Я подала ему мыло, и он намылил голову и грудь. Пока он стоял в пене, с закрытыми глазами, я не удержалась и внимательно его осмотрела. Несмотря на старый возраст, телом он был совсем молодым мужчиной. И вообще, все у него оказалось в полном порядке.
- Ну, вот, теперь у меня чувство, что я заново родился, - сказал он, надевая запасное исподнее белье. - Сейчас закажу ужин, поедим и можно ложиться спать.
Я не возразила, и пока он распоряжался по хозяйству, смирно сидела на лавке возле окна. Удивительно, но он перестал мечтать. Теперь он думал только обо мне, любовался мной и удивлялся, что раньше никогда не обращал внимания на женщин. Единственное, что я не могла в нем понять, это то, что он ни разу не подумал обо мне как о женщине. Вернее будет сказать, не думал о том, чтобы быть со мной как с женщиной.
Я уже так привыкла к тому, что мужчины глядя на нас, только об этом и думают, что такое странное поведение никак не могла объяснить. Он так раздразнил мое любопытство, что когда мы сели ужинать, я не удержалась и спросила, был ли он когда-нибудь с женщиной.

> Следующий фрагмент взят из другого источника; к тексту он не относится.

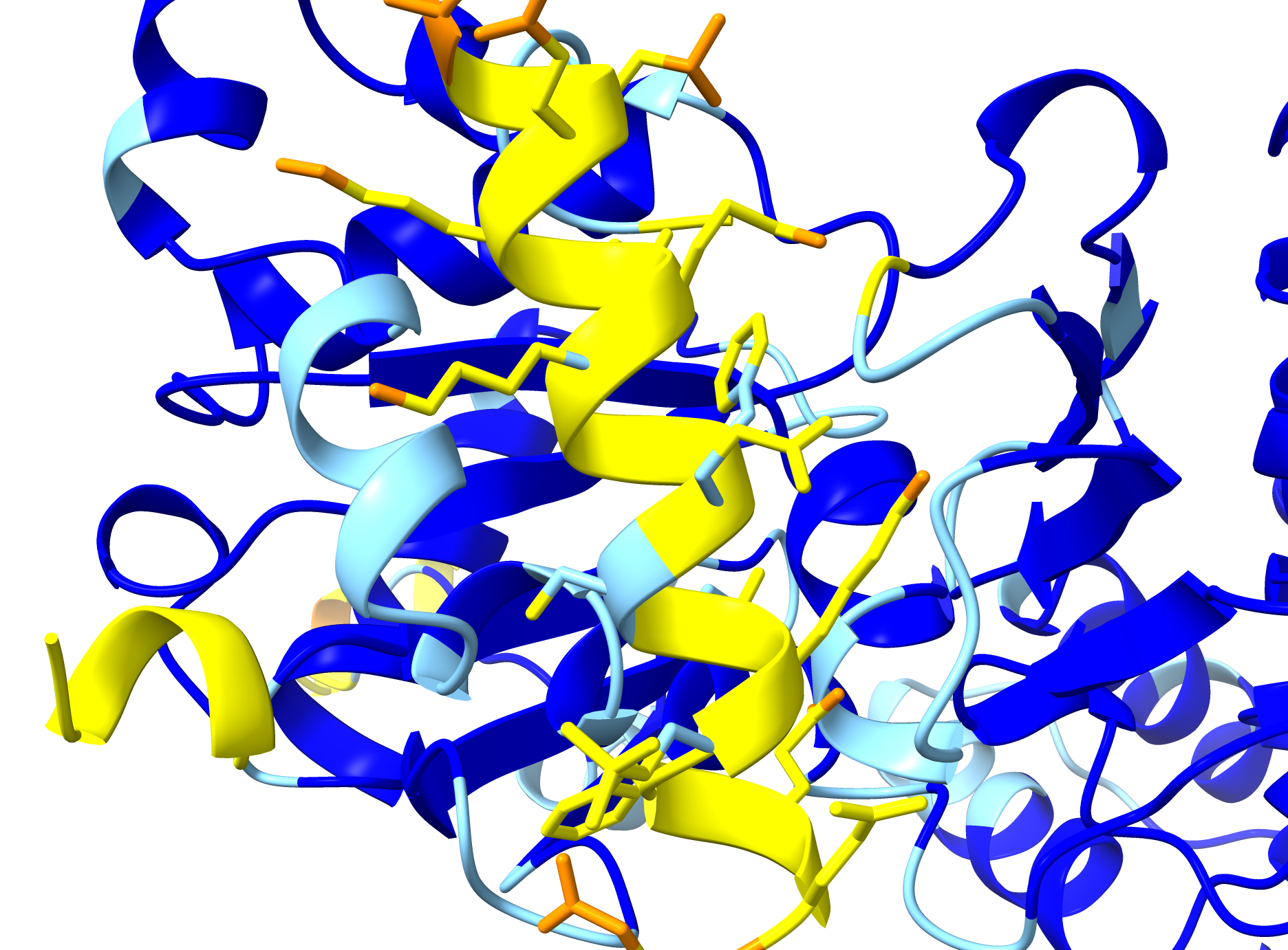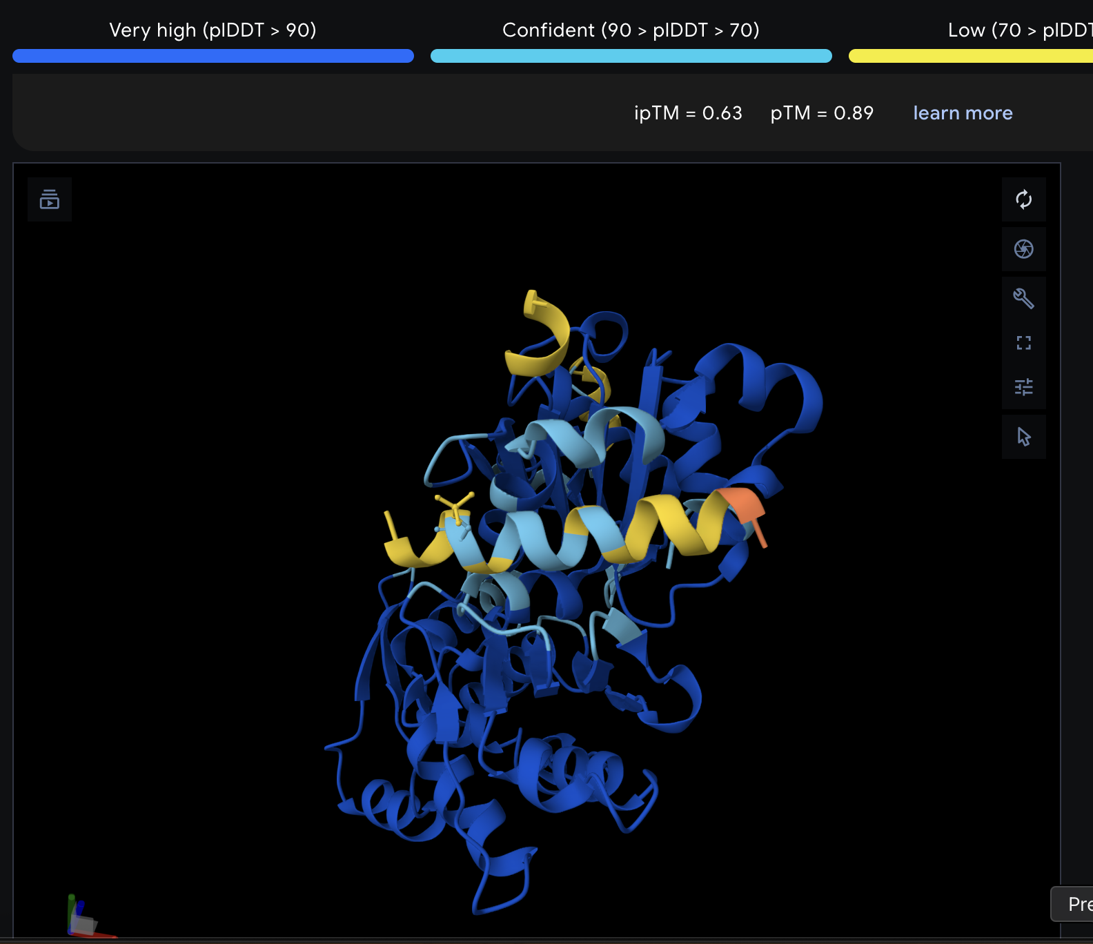 Hi, I am experiencing a wired error: For some reason the pLDDT score displayed on the AF3 server is not the same as if I downloaded the structure and displaced it in ChimeraX, by the command: color bfactor palette 0,darkorange:49.99,darkorange:50,yellow:69.99,yellow:70,lightskyblue:89.99,lightskyblue:90,blue:100,blue Same goes for "color bfactor palette alphafold" For some reason the backbone does not have the same score, however some atoms of the side chains have the “correct” score. I don’t understand how that can be, shouldn’t the pLDDT score cover the backbone? I wrote the AF3 DeepMind team and I was told the issue would be on the ChimeraX side, which I have a hard time to believe… I only experienced this issue with AF3 predictions, where a residue was modified by PTM… Would you have any idea to fix this issue? Thanks a lot. Best regards, Lukas

- Да, я в молодости был сильно влюблен в дочь своей квартирной хозяйки Лизаньку, но мы с ней едва обмолвились несколькими словам. Я тогда служил в четырнадцатом чине, и жалованье коллежского регистратора не позволяла мне даже помыслить о женитьбе. Она скоро вышла замуж за богатого пекаря, и больше я никого не любил.
- Как же вам тогда было больно, - посочувствовала я, так и не получив ответ на свой вопрос.
- Ничего я после ее как-то видел, она стала некрасивой, толстой и на носу бородавка, в точности, как у ее матери.
- И больше у вас никаких амуров не было? - задала я наводящий вопрос.
- Нет-с, после я рьяно служил, и мне было не до того. А когда получил достойный чин, решил что для амуров устарел. Да я и не встречал никогда ранее женщин подобных вам, Алевтина Сергеевна.
Более прямо я спросить не осмелилась, и мы опять говорили просто так, в основном о детских воспоминаниях и сиротских обидах. Иоаким Прокопович ел мало, скорее задумчиво ковырялся в тарелке. Ничего интересного, кроме, конечно, как обо мне, он за столом не думал.
- Ну, вот можно и ложиться спать, - сказал он, когда мы покончили со скудным станционным ужином.
Время было еще раннее, не начало даже смеркаться, и ложиться спать было рано. Однако делать в пустой комнате было решительно нечего. Разговор наш постепенно заглох. Иоаким Прокопович сидел за столом и смотрел на меня виноватыми собачьим глазами, не зная, что еще о себе рассказать.
- Да, конечно, давайте ложиться. После сегодняшних волнений отдохнуть никак не помешает, - согласилась я.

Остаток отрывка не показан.